Bally's plan of reorganization was confirmed on Aug. 19 by the U.S. Bankruptcy Court for the Southern District of New York.

"Bally is moving in the right direction as we continue to systematically improve every aspect of this company," chief executive officer Michael Sheehan said in the release.

"With the dramatic restructuring of our balance sheet and improved financial performance, Bally is now positioned to put 100% of our energy toward improving the customer experience and growing our business.

"The unparalleled financial flexibility we have after emerging from bankruptcy will allow us to make the investments necessary to build Bally into the preeminent fitness chain in the country."

The plan, which Bally said includes financing from JPMorgan Chase Bank, an affiliate of Anchorage Advisors LLC, Wells Fargo Foothill LLC and CIT Business Credit, will enable the company to reduce its debt by $700 million, to less than $100 million.

Holders of Bally's pre-bankruptcy secured debt received 94% of the equity in the reorganized company, with JPMorgan and Anchorage to own a majority interest.

Reorganized Bally will issue 3% of its equity, along with warrants to acquire an additional 5%, to holders of some general unsecured claims.

Plan creditor treatment

Treatment of creditors will include:

• Holders of $1 million in other priority claims will recover 100% in cash;

• Holders of $2.52 million to $24.37 million in other secured claims will recover 100% either in cash, reinstatement of the claim or the return of the collateral securing the claim;

• Holders of $50 million in pre-bankruptcy revolver claims will recover 100% through a share of the company's exit revolver;

• Holders of $7.42 million in pre-bankruptcy swap claims will recover 100% through a new swap note;

• Holders of $162 million in pre-bankruptcy term loan claims will recover 100% through the term loan distribution;

• Holders of $80 million in term loan deficiency claims will recover zero to 1.32% through a share of the unsecured claims distribution;

• Holders of $247.34 million in senior note claims will recover 0.79% to 1.52% through a share of the unsecured claim distribution;

• Holders of $75 million to $475 million in general unsecured claims will recover 0.79% to 1.52% through a share of the unsecured claim distribution;

• Holders of $23.71 million in convenience claims will recover 1.06% in cash;

• Holders of $231.25 million in subordinated note claims will recover 0.79% to 1.52% through a share of the unsecured claim distribution;

• Intercompany claims that are not specifically reinstated will be deemed eliminated in full; and

• Holders of equity interests will receive no distribution.

Exit financing

As previously reported, Bally received court approval in July of a total of $96.5 million in exit financing commitments.

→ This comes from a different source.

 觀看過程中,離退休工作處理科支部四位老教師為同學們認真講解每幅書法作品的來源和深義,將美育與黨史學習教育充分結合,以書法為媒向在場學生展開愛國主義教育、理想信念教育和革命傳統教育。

Specifically, Wells Fargo Foothill LLC and CIT Business Credit have agreed to provide a $50 million revolving credit facility that will mature on Dec. 31, 2011 and bear interest at Libor plus 600 basis points, and Anchorage Crossover Credit Finance, Ltd., Anchorage Crossover Credit Offshore Master Fund, Ltd., Anchorage Capital Master Offshore, Ltd. and JPMorgan Chase Bank, NA have agreed to provide a $39 million term loan and $7.5 million swap term loan that mature June 15, 2014 and bear interest at Libor plus 600 bps.

New board

In addition to Sheehan and current board members Eugene I. Davis and Timothy J. Bernlohr, the reorganized company's board of directors will include Kevin J. Corgan and Michael Kerrane of JP Morgan, Daniel Allen and Aaron N. Rosenstein of Anchorage and Fredric F. Brace.

Bally, a Chicago-based fitness center operator, filed for bankruptcy on Dec. 3, 2008. Its Chapter 11 case number is 08-14818.